Greetings! Your attention to this post is greatly appreciated.
I recently set out to gather insights on a particular news article. Out of the staggering 11,000 comments attached to the news piece, I was able to acquire data from approximately 6,000 comments. For those interested, you can access the full list of comments through this link: (Don't worry if it's in Korean, as the content will be easily navigable for all).
Please note that this link leads to a mobile version of the webpage, and a specific code needs to utilized to reveal the entire comment thread:
driver.find_element_by_xpath("//span[@class='u_cbox_page_more']").click()
The challenge I encountered was the sluggish approach I took to extract the data. The process extended beyond an hour before I ultimately had to intervene. Here is the snippet of the code I employed:
content = []
name = []
r_time = []
comment_list = driver.find_elements_by_xpath("//ul[@class='u_cbox_list']/li")
for comment in comment_list:
try:
con = comment.find_element_by_xpath(".//span[@class='u_cbox_contents']").text
content.append(con)
except NoSuchElementException:
continue
name.append(comment.find_element_by_xpath(".//span[@class='u_cbox_nick']").text)
r_time.append(comment.find_element_by_xpath(".//span[@class='u_cbox_date']").text)

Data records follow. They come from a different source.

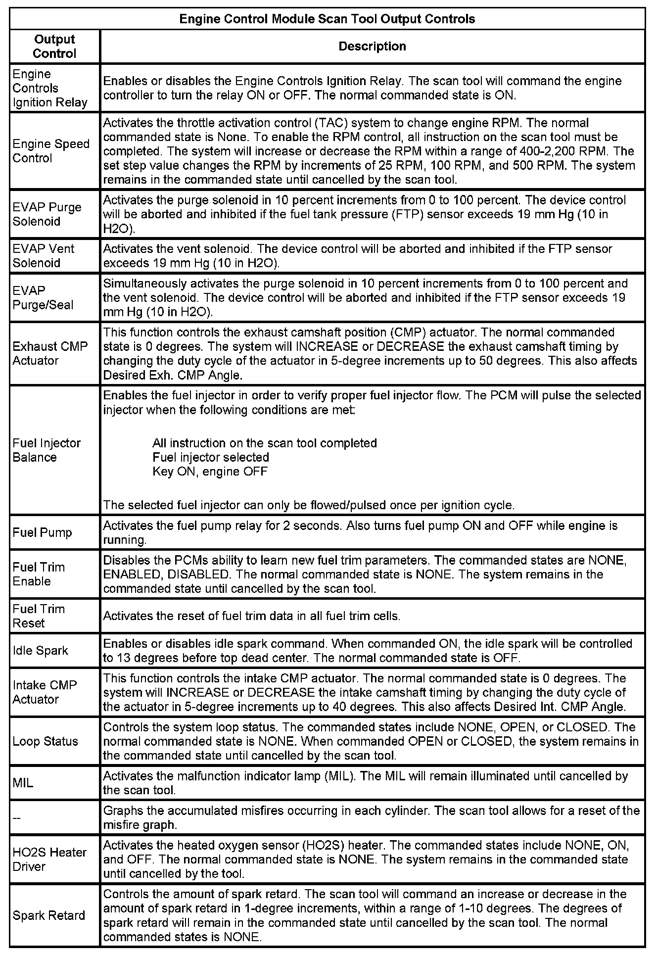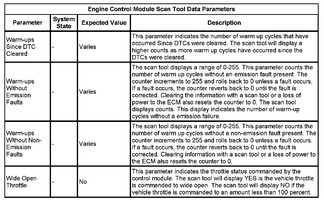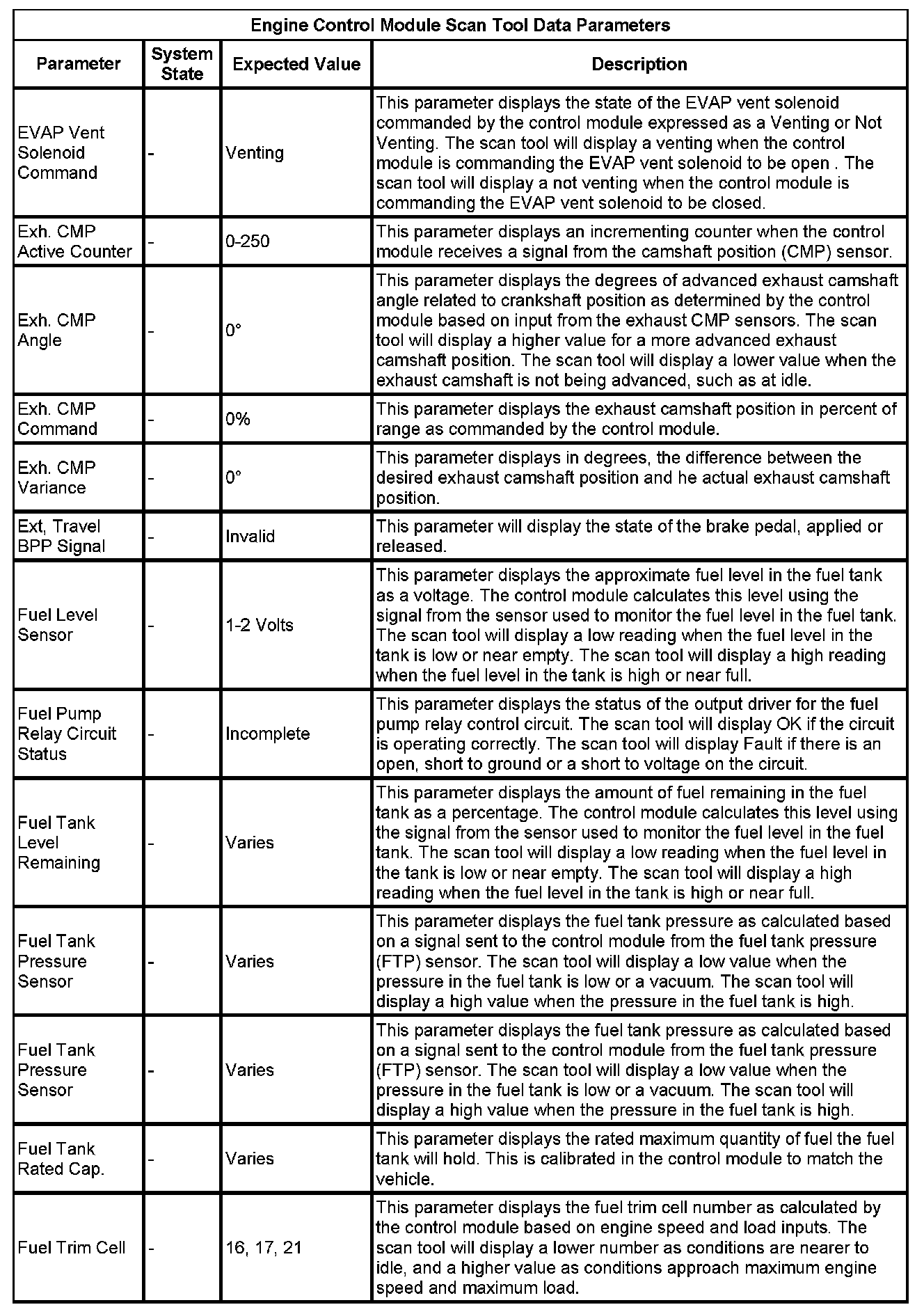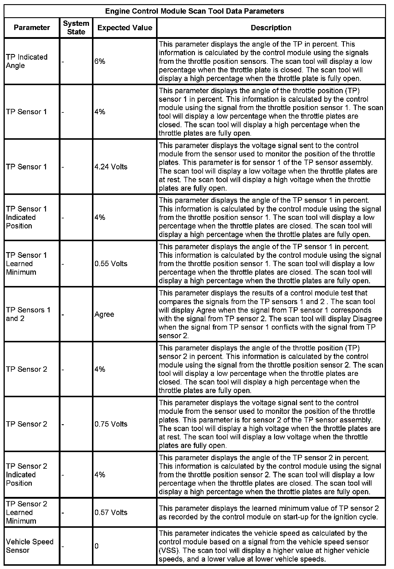 The Engine Scan Tool Data List contains all engine related parameters that are available on the scan tool. The list is arranged in alphabetical order.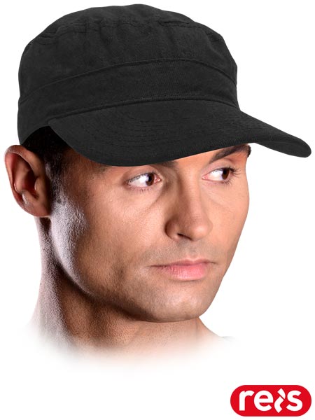 Czapka z daszkiem.- tkanina: 100% bawełna- waga sztuki około 260 g- usztywniany daszek- regulowana na rzep- po bokach otwory wentylacyjne zwiększające komfort użytkowania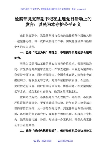 / 检察部党支部副书记在主题党日活动上的发言:以民为本守护公平正义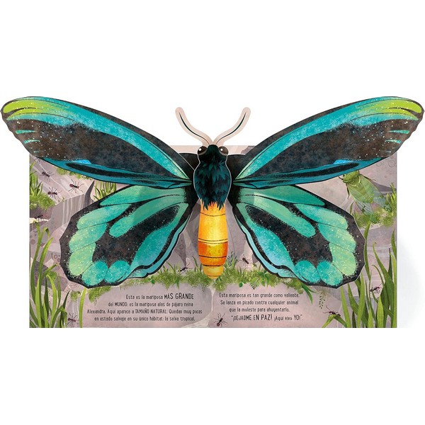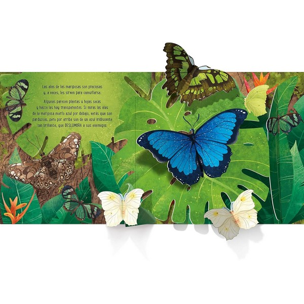 Libro con desplegables sobre el fascinante mundo de las mariposas, que mueven sus alas, emergen de la crisálida y se salen de la página en una nube. En este libro interactivo los pequeños lectores también descubrirán cómo usan sus alas para esconderse y protegerse de los depredadores y cómo funciona el proceso de metamorfosis, que las transforma de oruga a mariposa. Además, el libro incluye la mariposa más grande del mundo en tamaño real.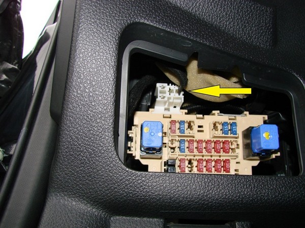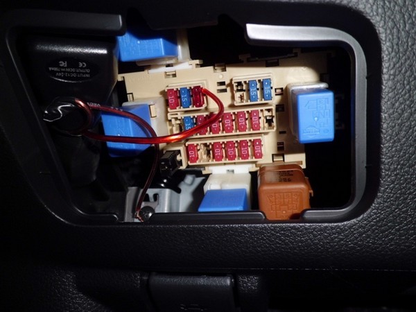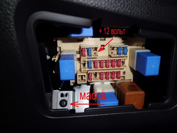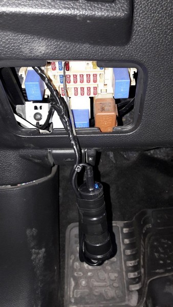 Изначально задумано что запись на регистраторе включается автоматически при включении зажигания, это если он подключен в прикуриватель. Меня такой вариант не прельщает, хочу, чтобы регистратор писал и во время стоянки… например на парковке около магазина — всякое бывает, хоть только перед, но под контролем). Хотим — делаем! Постоянный плюс был найден в подрулевом блоке предохранителей, в незанятой ничем колодке.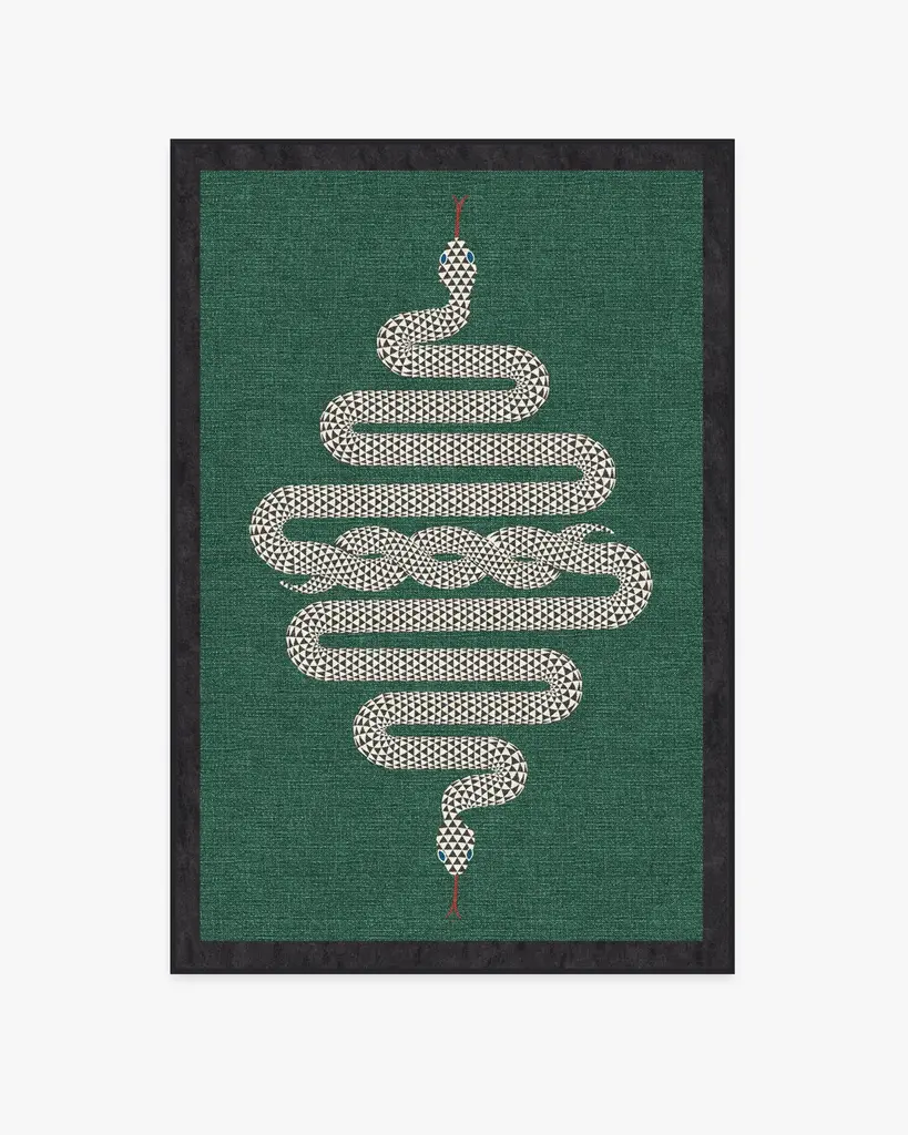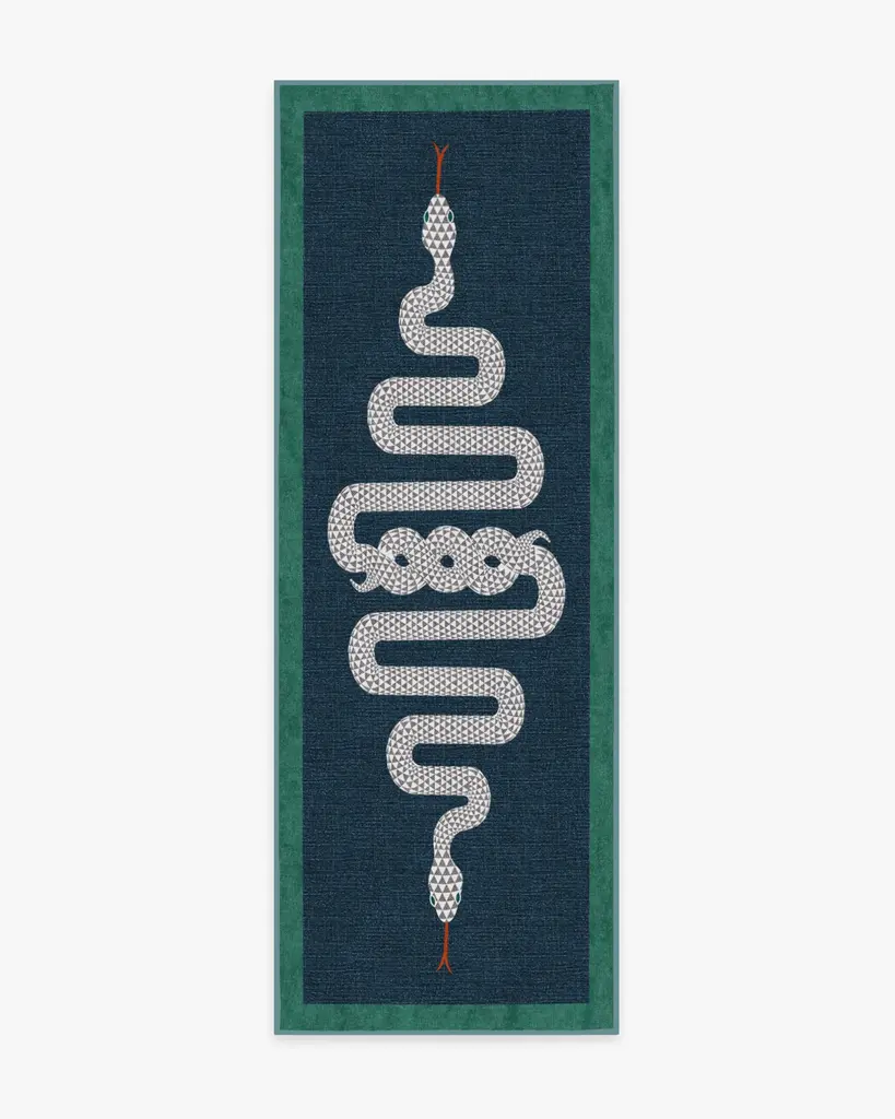 Chic and serpentine showstopper. This head-turning accent rug features two slithering serpents, intertwined on a sapphire blue background with a bottle-green border. Water-resistant, stain-resistant, and machine-washable.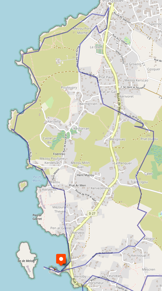 Le trajet reprend pour partir le n°26 du guide FFRP Le Pays d'Iroise à Pied, sauf que j'ai raté la chapelle Saint-Ourzal qui a été restaurée.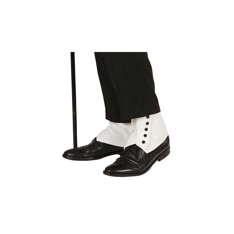 Pourquoi ne pas commander cette paire de sur chaussures blanches avec pressions noires pour mettre en valeur votre déguisement Charleston ?

I have a multitude of news articles lined up for extraction, and waiting around for each crawl operation is not feasible. There must be a more efficient method to obtain the necessary information. I dabbled with Java Script but couldn't locate a Selenium-compatible solution written in Python. Unfortunately, my knowledge of JavaScript is limited.
If there exists an alternative approach and someone could furnish me with a working example, I am eager to learn and adapt swiftly. Any guidance or assistance provided would be immensely appreciated.
Thank you for dedicating your time and expertise to aid in this endeavor. Your invaluable support is anticipated and warmly welcomed.